What is a customer service culture?
If you look at companies lauded for their superior customer service, you almost always find that those companies create a culture that supports excellence in customer service. It’s not that they simply train their employees in customer service skills. What they do is ensure that customer service is interwoven into everything the company does. Customer service excellence simply becomes the way things are done around here.
In fact, the way things are done around here is a good, simple description of organizational culture.
With respect to customer service, a customer service culture involves a set of beliefs, values, and action options that are communicated to all members of the organization, so they can be used to guide and mold interactions and decision-making regarding customers.
The best way to understand this is to look at two companies in the retail industry, one with a culture that supports excellence in customer service, and another where the company’s culture is oriented towards immediate or short term monetary gain.
Company A interweaves the idea of providing excellent customer service in everything they do. Their sales staff are not paid on commission, but paid a basic salary, and the staff is taught (via training, coaching, and observing management behavior), that it’s more important to keep a customer (and keep a customer happy), than to make a one time sale.
Company B, however, is much more concerned with making the sale. Their staff are paid on a commission basis (which conveys the values of making a sale to employees), and employees are encouraged to spend their time selling to new customers, rather than interacting with existing customers. Any activity that is not directly related to increasing short term sales is frowned upon.

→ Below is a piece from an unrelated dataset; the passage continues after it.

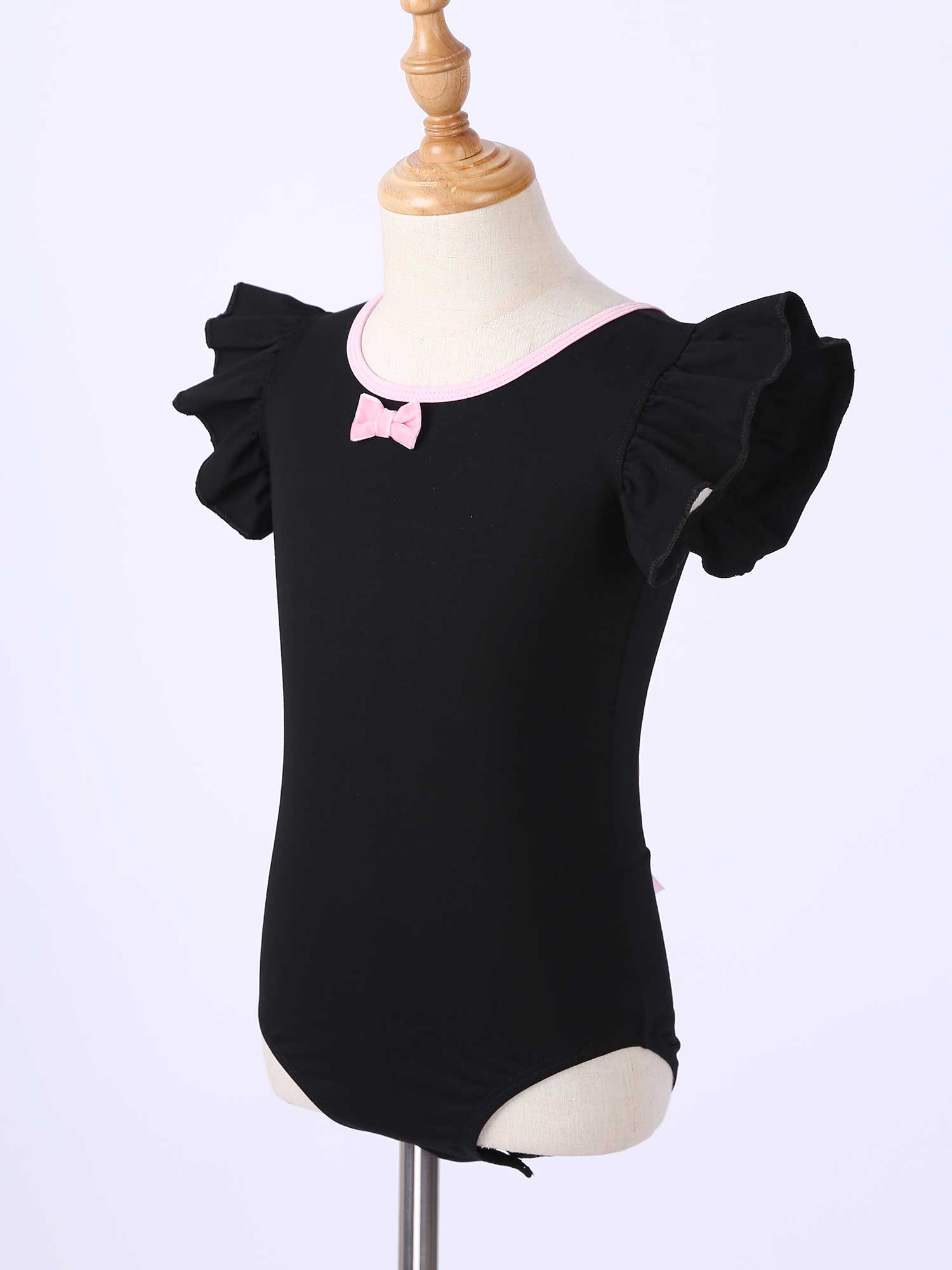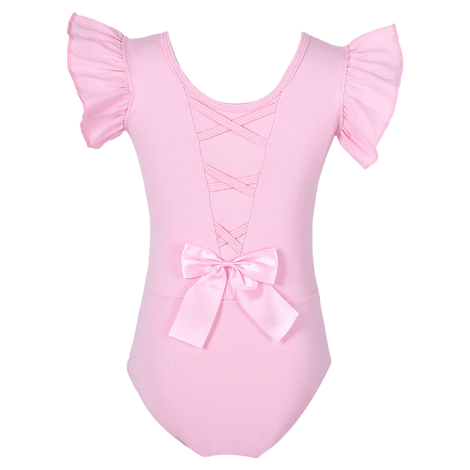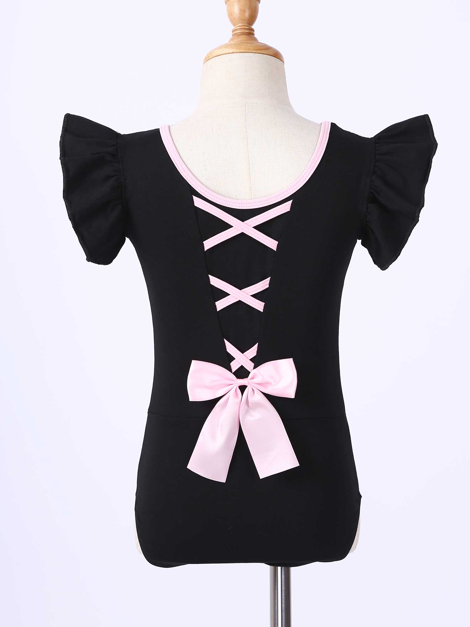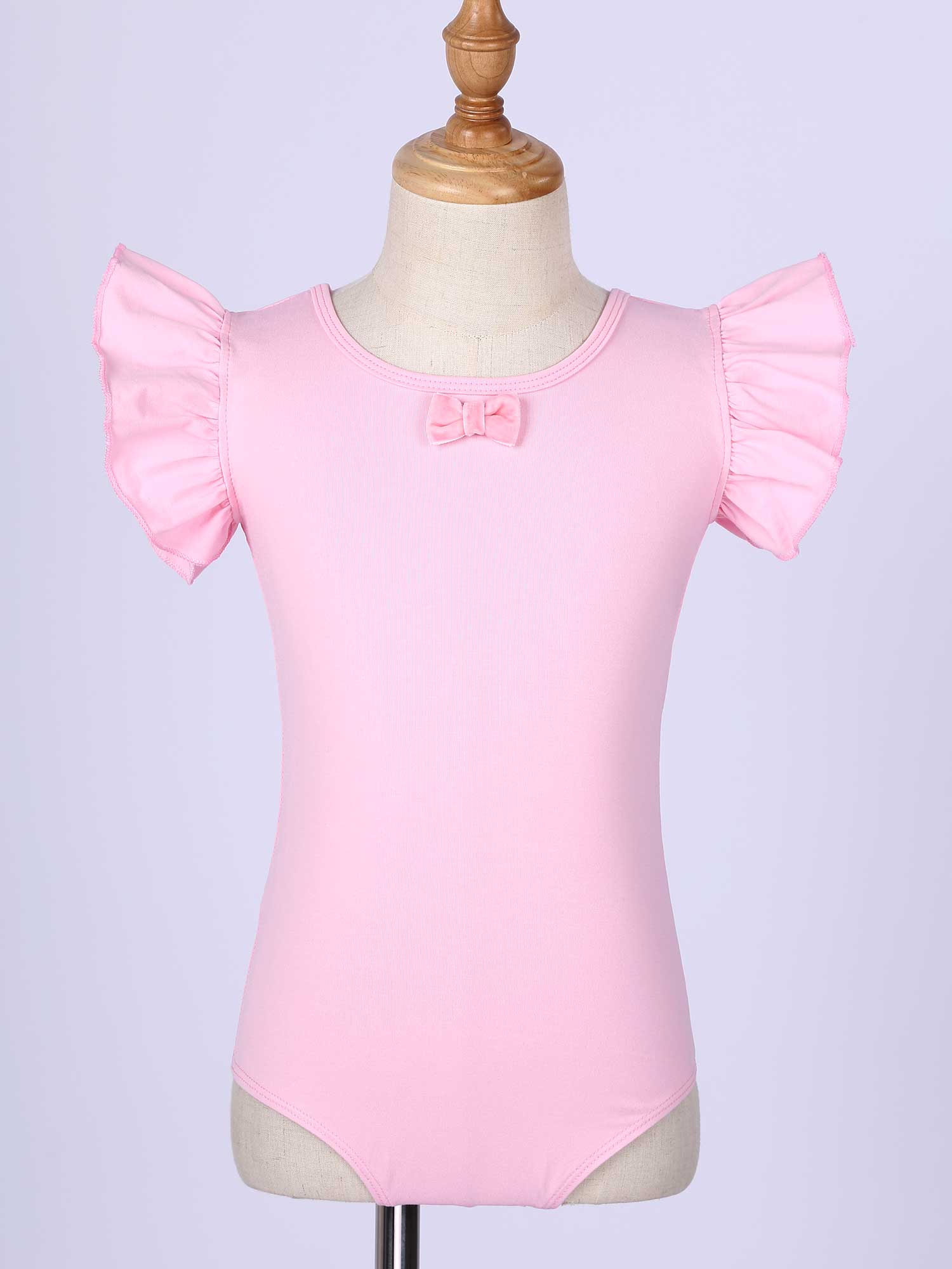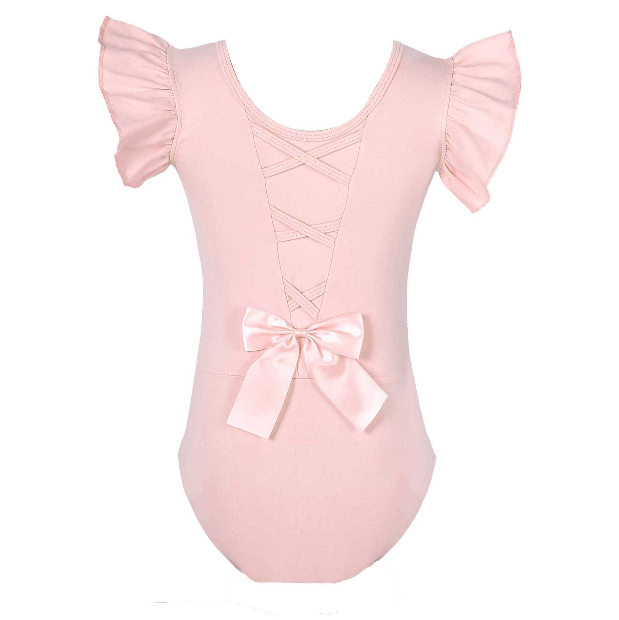#110-160 стильная танцевальная одежда для девочек с рюшами, без рукавов, с круглым вырезом, галстук-бабочка, перекрещивающийся спереди, Декор бантом, купальник для выступлений
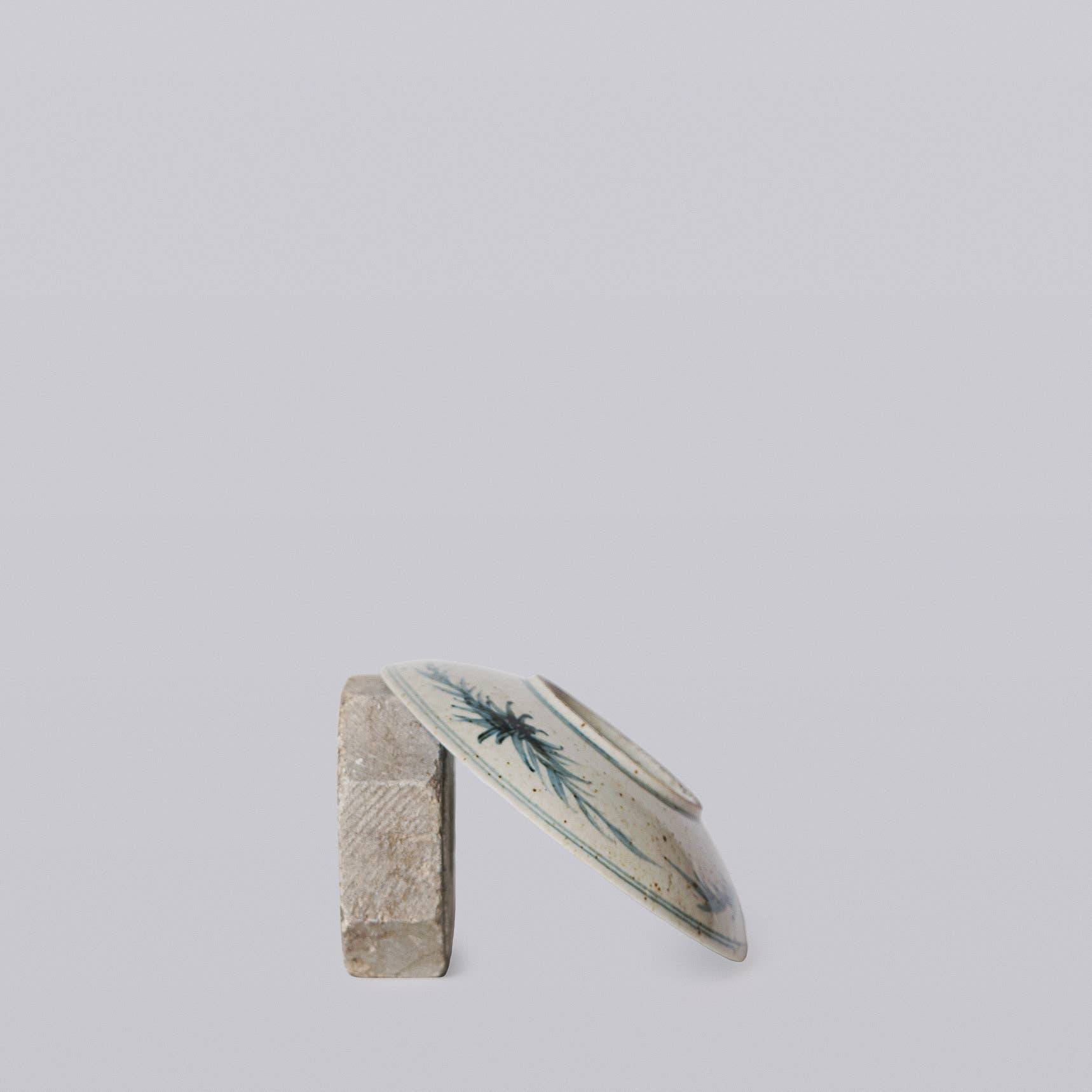 This piece is a small hand painted dish with an auspicious red-crowned crane motif, which symbolizes fidelity, 6 3/8" x 1 3/8"

Most of us are familiar with such companies. Go to Company A (that has a customer service oriented culture), and you’ll get questions answered before and after the sale, not be pressured to commit to a sale, and a focus on providing you with good information at all times. In addition staff will spend time before, during and after sales to help you.
Go to Company B, however, and you’ll find staff disinterested in you if you indicate you are just looking, a hesitancy to spend time answering questions, and much less effective post-sale customer service.
Most of us will patronize Company B, even if their prices are a little higher, because they convey a send of trustworthiness. We like to go to Company A, and we don’t enjoy going to Company B.
The upshot is that Company A has made a concerted effort to create a customer service oriented culture, while Company B has created a culture that supports making money through new sales.